Pictures excluded, retype the lines from the one containing "我们知道Activity是默" through the last line of the data below, both included.

## Recorded information
━━━━━━━━━━━━━━━━

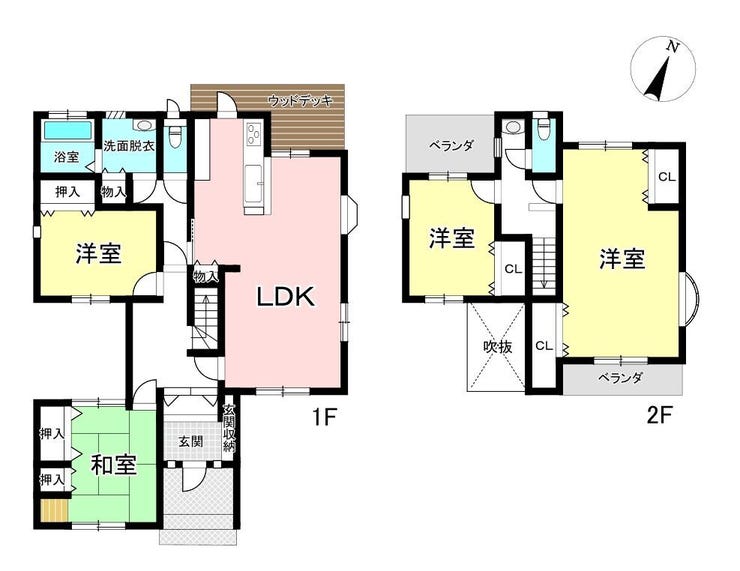 | 備考 | 令和7年 内外装大規模リフォーム済み! 壁クロスを全面的に交換(一部除く)ガスコンロ・給湯器・浴室・トイレを新品交換済み! LDKの見晴らしのいいウッドデッキがあります。 駐車場は2台分のカーポートあり! |
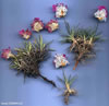 | A. bracteatum (Girard) Boiss., Diagn. ser. 1(7):70 (1846). Figures 15 & 16. Compactly pulvinate shrublet. Spring leaves to 30 x 3 mm, flattened; summer leaves narrowly lanceolate, 20-50 x 1.5-2.5 mm, piano-triquetrous, margins scabrid. Scapes simple, equalling to greatly exceeding leaves. Spike-lets 6-10, 2-5-flowered, 4-6-bracteate. Outer bract ovate to suborbicular, 8-12 mm, slightly exceeding calyx tube, with broad hyaline margin, herbaceous centre terminating in 1-2 aristae; first and second inner bracts broadly obovate, shorter than outer, hyaline except for base and vein; vein produced into a short recurved arista just above middle of bract; innermost bracts (1 per flower) smaller and hyaline. Calyx infundibular, tube sparsely pilose, limb ± truncate. Petals bright pink. Fl. 6-8. Rocky slopes, montane steppe, 1700-3100 m. 1. Calyx purple; veins not excurrent var. bracteatum 1. Calyx white; veins ± excurrent var. capitatum var. capitatum (Sosn.) Bokhari in Notes R.B.G. Edinb. 30:300 (1970). Syn: A. capitatum Sosn. in Monit. Jard. Bot. Tiflis 11:11 (1915)! A. scabiosum Mobayen, Revis, Taxon. Acanthol. 298, f. 20 (1964)! Map 60. Type: [Turkey A8 Erzurum] prov. Kars, distr. Oltu, inter pp. Karnawaz et Lespek, 8 vii 1911, Sosnowsky (holo. TBI, photo, E! iso. K!). E. Anatolia. A8 Erzurum: Aras gorge, 1700 m, Tobey 2091! A9 Kars: Killik Da. W. of Akçay to Cumaçay road, 2250-2500 m, Watson et al. 3392! B9 Bitlis/Van: Pelli Da., 2500-3000 m, Edmondson 638! B9 Van: d. Çatak, Kavuşşahap Da., 3100 m, D. 23144 (type of A. scabiosum)! ibid., 2860 m, Watson et al. 3573! |
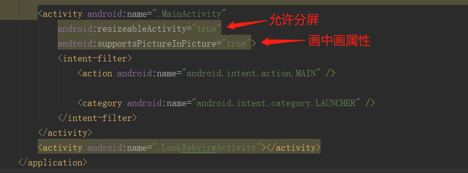 我们知道Activity是默认支持分屏模式的,但我们也需要声明Activity是允许分屏的,再增加支持画中画模式:
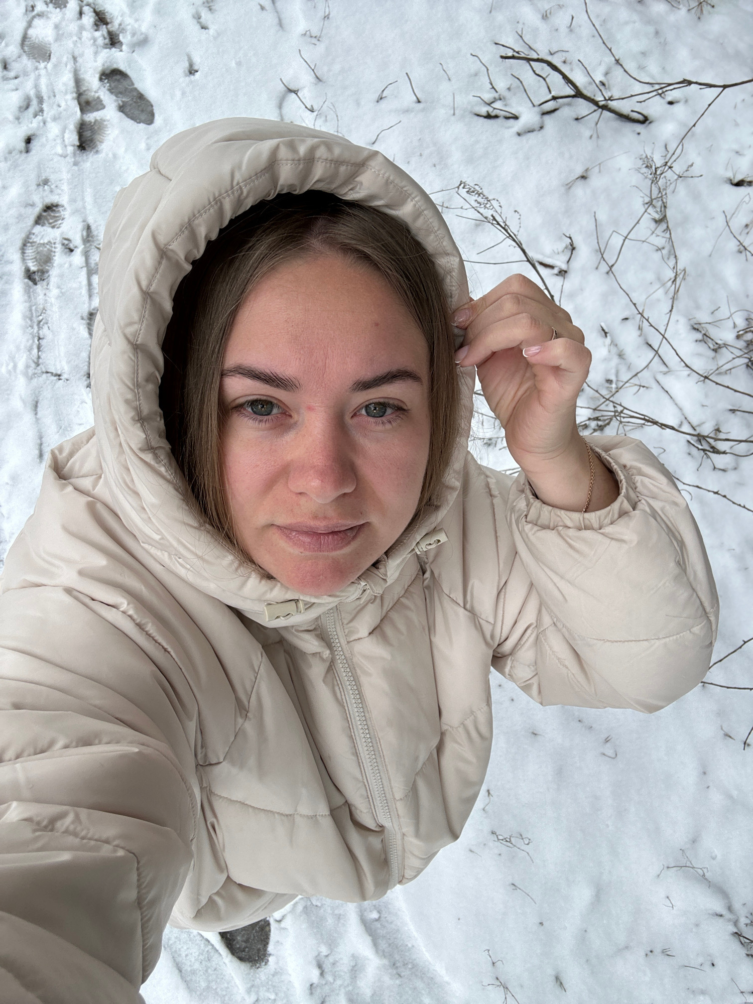 A woman wearing a beige puffer jacket with the hood up is looking down at the camera. She is standing in snow with visible footprints and some thin, bare branches. The location is Chaikovsky, Russia,…read more

━━━━━━━━━━━━━━━━

## Task result
 我们知道Activity是默认支持分屏模式的,但我们也需要声明Activity是允许分屏的,再增加支持画中画模式:
 A woman wearing a beige puffer jacket with the hood up is looking down at the camera. She is standing in snow with visible footprints and some thin, bare branches. The location is Chaikovsky, Russia,…read more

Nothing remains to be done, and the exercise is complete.